I am thinking about getting the archos one coming out in January. I have heard that the video sites have been a problem. Is this generally true? Is it better to get a 7" or 10" gingerbread tablet than a 7" honeycomb?

Does anyone know of a decent tablet that has the actual market and a camera, preferably one on the front with flash and a decent size hard drive?


----------



## Masterchiefxx17 (Feb 27, 2010)

Check out this.. You may like this.

HTC Flyer


----------



## Masterchiefxx17 (Feb 27, 2010)

*Re: honeycomb 3.2 problems for 7" tablets*

Archos has a huge screen problem, as its hard to use their touch screens. The reviews arnt that good for Archoes products.


----------



## Masterchiefxx17 (Feb 27, 2010)

*Re: honeycomb 3.2 problems for 7" tablets*

This is why we don't like people making more then one post about the same topic.


----------



## Coolfreak (May 27, 2008)

Threads merged - *Thanks Masterchiefxx17*.


----------



## xarmok7 (Jun 29, 2011)

I apologize for the double post but it would not let me edit the post at that moment, so that is why I started a second post. I try not to do so. 

As for the htc flyer;it is almost $500. I could get an ipad for a little more. The archos is $200 as is the kindle fire. I am looking for something in that range, if such a thing exists. Thanks.


----------



## Masterchiefxx17 (Feb 27, 2010)

Ok, then check this tablet out.

Its a very nice Acer 7in screen!

Acer - Iconia Tablet with 8GB Memory - Steel Blue - A100-07U08U

Also has better specs then an Archos for a little bit more.

Also an iPad is not worth the money. All it is is a super sized ipod IMO.


----------



## Coolfreak (May 27, 2008)

I highly recommend the Acer - great tablet if you're looking for a middle range tablet.


----------



## Shotgun4 (Aug 29, 2011)

I have owned an Archos 70 It, Archos, 80Gen 9 Turbo 1.2Ghz, Blackberry Playbook, and an Acer a100. Out of all those tablets, for the price I love and can't get over my Acer a100! Second i would go for the Archos 80 Gen9, the screen is also amazing you wont regret it, they have really steped up there act on the screen on thos new tablets, even the archos 70 i still play around with.The Playbook was nice, it was fast and smooth, but I can't get away from my love for android.
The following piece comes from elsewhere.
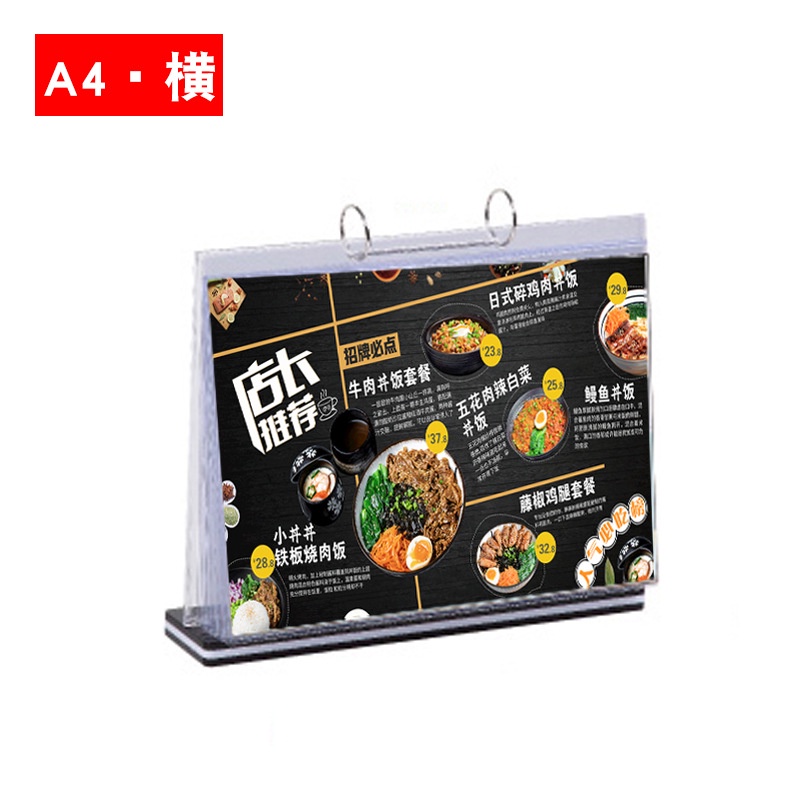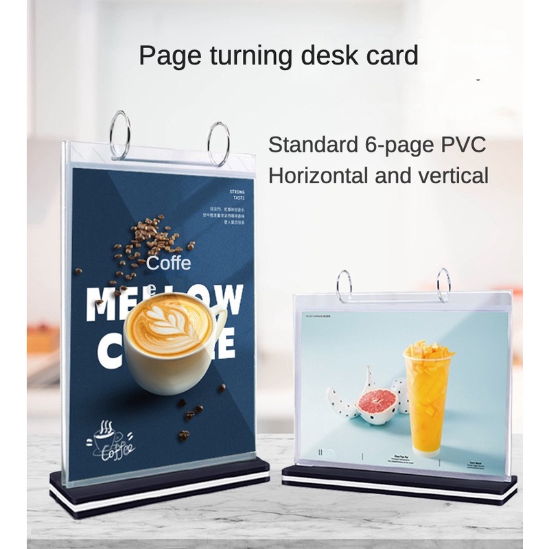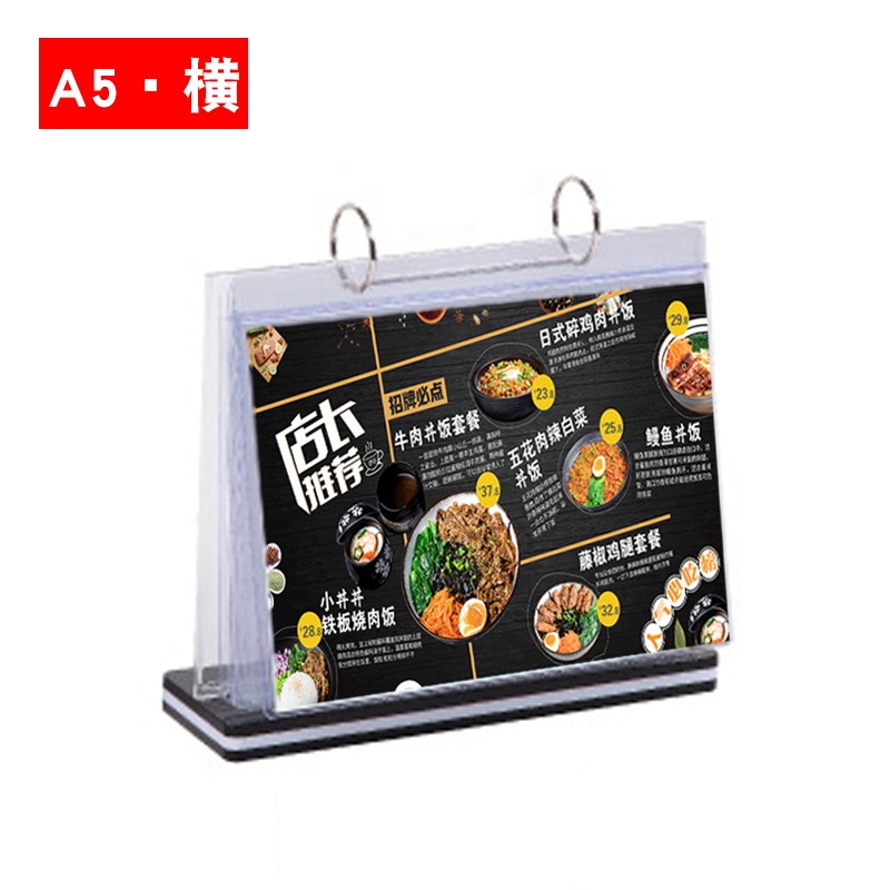 A a4 Flip Table Card pvc Loose-leaf Menu Card Display Stand Desktop Dining Card a5 Vertical Advertising Wine Water Card Table Card Table Sign

And the Acer a100 gives out great performance and it works great along side with my HTC evo 3d! I mostly use the Acer a100 as my 1st choice tablet as is is very very smooth with the new.honeycomb upgrade! 

P.S I have overclocked my HTC to 1.8GHz stable and get great battery life out of it and hope to do the same to my Acer...but I have the felling like I won't with the Acer as it doesn't have scene 3.0 slowing it down.
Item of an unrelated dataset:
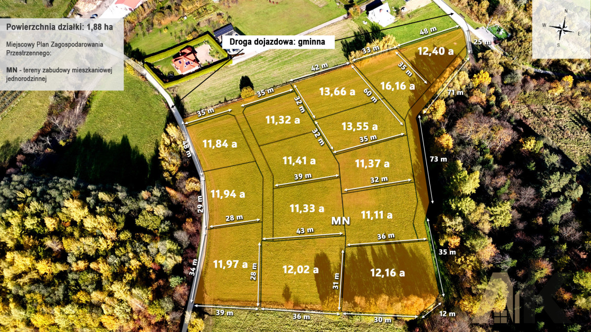 1) 11,97ar o wartości - 15000zł/1ar - rezerwacja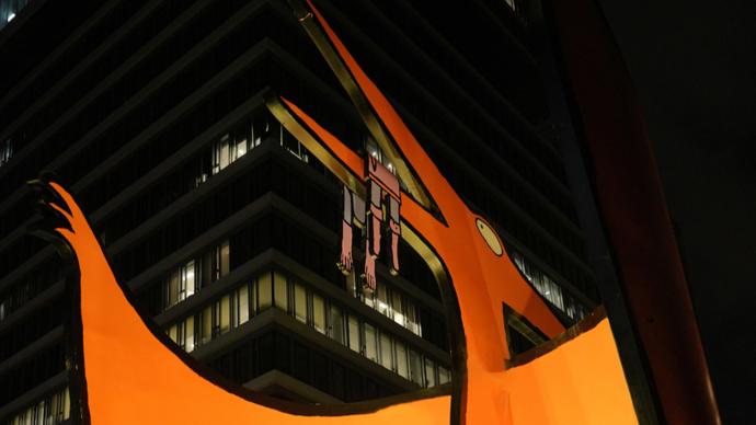 Dino Bird此次爲全球首次亮相。據現身展覽開幕式的朱利安透露,這件作品的靈感來自自己小時候的一幅畫,畫的是山洞裏人與恐龍的對戰。他坦言“喜歡將小尺寸作品放大,挑戰人們日常的視覺,看看觀衆的反應是什麼樣的。”

Also when you chose the tablet you are going to buy, let us know.


Have a good one!


----------



## xarmok7 (Jun 29, 2011)

I am waiting to see the review for the 70b. Does anyone know if the archos 70b has adobe flash? I read that it has it's own media players in the pcworld article. So, that could signify that they are not using flash. I don't know. The two main things I am looking for is the google marketplace and flash. I may save up for the acer if that is the case. Otherwise, I will see what the market dictates.


----------



## Coolfreak (May 27, 2008)

Any device running Android 2.2 or higher can run flash. There is an app in the marketplace free of charge for Adobe flash.


----------



## Shotgun4 (Aug 29, 2011)

Coolfreak said:


> Any device running Android 2.2 or higher can run flash. There is an app in the marketplace free of charge for Adobe flash.
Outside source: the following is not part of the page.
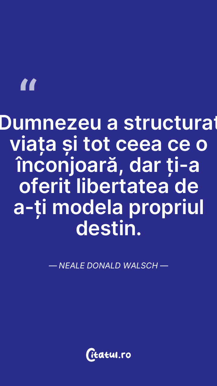 Dumnezeu a structurat viața și tot ceea ce o înconjoară, dar ți-a oferit libertatea de a-ți modela propriul destin. Neale Donald Walsch

Isn't Adobe not going to support mobile flash on any upcoming software and smartphones passed 11.1 flash. I thought I read that somewhere.

Please correct me if I'm wrong....



Shotgun4 said:


> Adobe not going to support mobile flash on any upcoming software.



Proof... http://m.zdnet.com/blog/perlow/excl...lash-refocuses-efforts-on-html5-updated/19226


----------



## Coolfreak (May 27, 2008)

Correct - not going to support, doesn't mean it won't work though.

They will continue to release security updates.

Chances are, Adobe flash will work on most devices.


----------